**Recorded data:**

<<<<

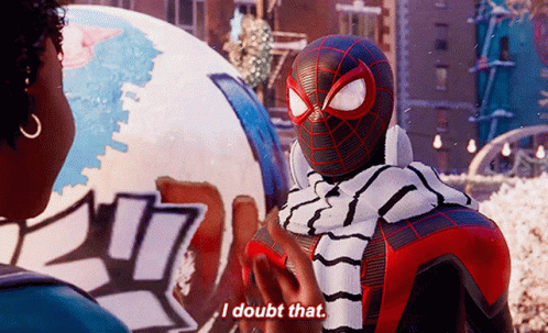 Miles Morales as Spider-Man, wearing a scarf, tells a woman 'I doubt that' in a snowy city setting.
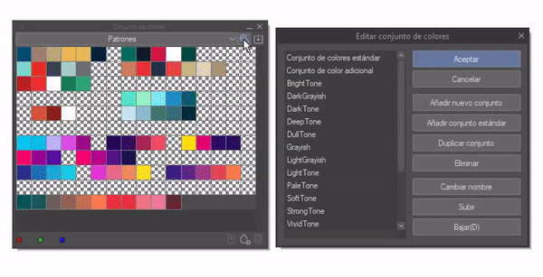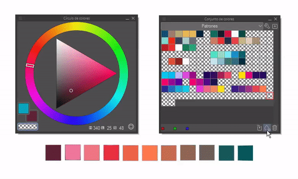 Cet outil est très important car il nous permet de sauvegarder les palettes de couleurs que nous souhaitons. En bas à droite, il y a trois fonctions qui servent à : remplacer la couleur, ajouter une couleur, supprimer une couleur, ce qui nous permet de remplir et d'organiser la palette de couleurs que nous souhaitons créer. J'utilise cette fonction pour stocker les palettes de couleurs que j'ai créées et que je souhaite conserver pour une réutilisation ultérieure.
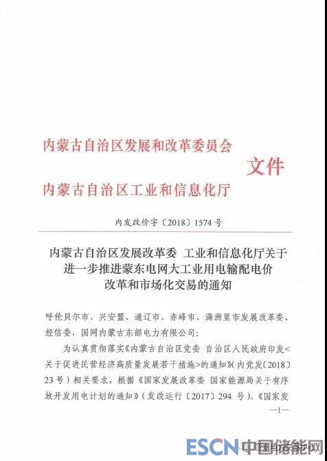 另外,《內(nèi)蒙古自治區(qū)發(fā)展改革委 內(nèi)蒙古自治區(qū)工信廳關(guān)于進(jìn)一步推進(jìn)蒙東電網(wǎng)大工業(yè)用電輸配電價(jià)改革和市場(chǎng)化交易的通知》也于同日下發(fā),規(guī)定自2019年1月1日起蒙東地區(qū)大工業(yè)用電全部進(jìn)入電力交易市場(chǎng),停止執(zhí)行蒙東電網(wǎng)大工業(yè)目錄銷(xiāo)售電價(jià)。
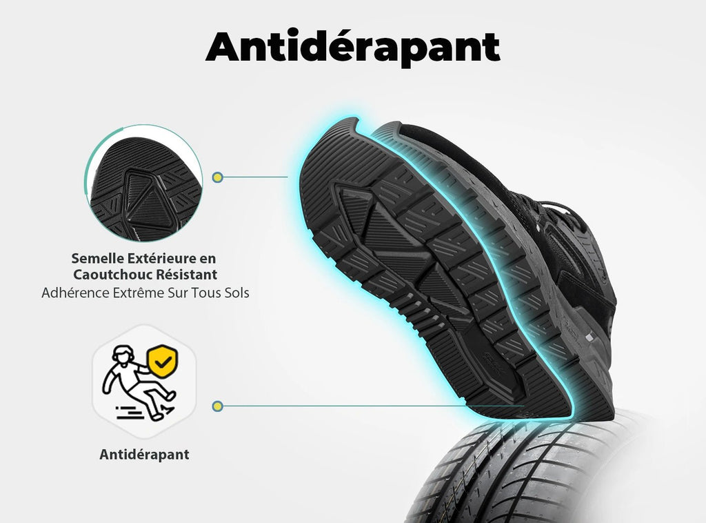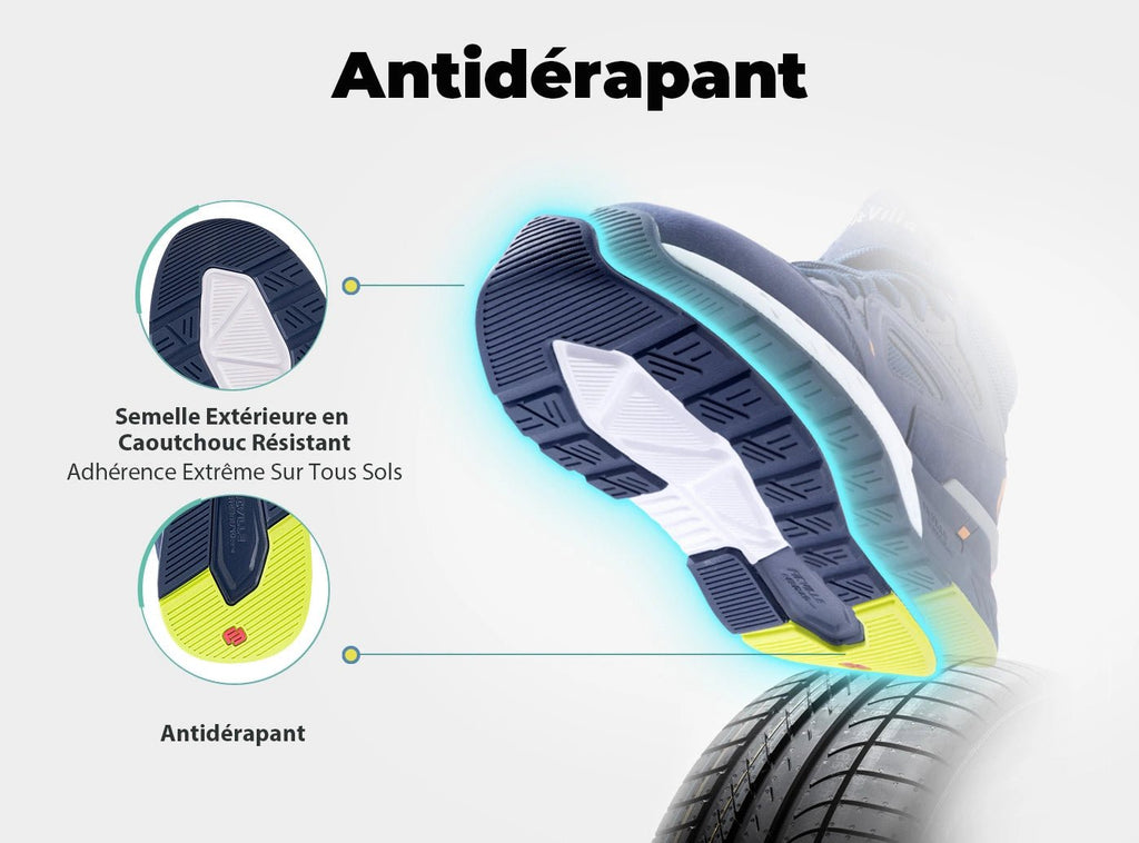 - Resistenza allo scivolamento ai vertici della categoria: la suola in gomma è progettata in modo intelligente per fornire una migliore aderenza al terreno.

>>>>

**Work task:** In copying the material, drop all pictures and keep everything else identical.

**Written solution:**
 Miles Morales as Spider-Man, wearing a scarf, tells a woman 'I doubt that' in a snowy city setting.
 Cet outil est très important car il nous permet de sauvegarder les palettes de couleurs que nous souhaitons. En bas à droite, il y a trois fonctions qui servent à : remplacer la couleur, ajouter une couleur, supprimer une couleur, ce qui nous permet de remplir et d'organiser la palette de couleurs que nous souhaitons créer. J'utilise cette fonction pour stocker les palettes de couleurs que j'ai créées et que je souhaite conserver pour une réutilisation ultérieure.
 另外,《內(nèi)蒙古自治區(qū)發(fā)展改革委 內(nèi)蒙古自治區(qū)工信廳關(guān)于進(jìn)一步推進(jìn)蒙東電網(wǎng)大工業(yè)用電輸配電價(jià)改革和市場(chǎng)化交易的通知》也于同日下發(fā),規(guī)定自2019年1月1日起蒙東地區(qū)大工業(yè)用電全部進(jìn)入電力交易市場(chǎng),停止執(zhí)行蒙東電網(wǎng)大工業(yè)目錄銷(xiāo)售電價(jià)。
 - Resistenza allo scivolamento ai vertici della categoria: la suola in gomma è progettata in modo intelligente per fornire una migliore aderenza al terreno.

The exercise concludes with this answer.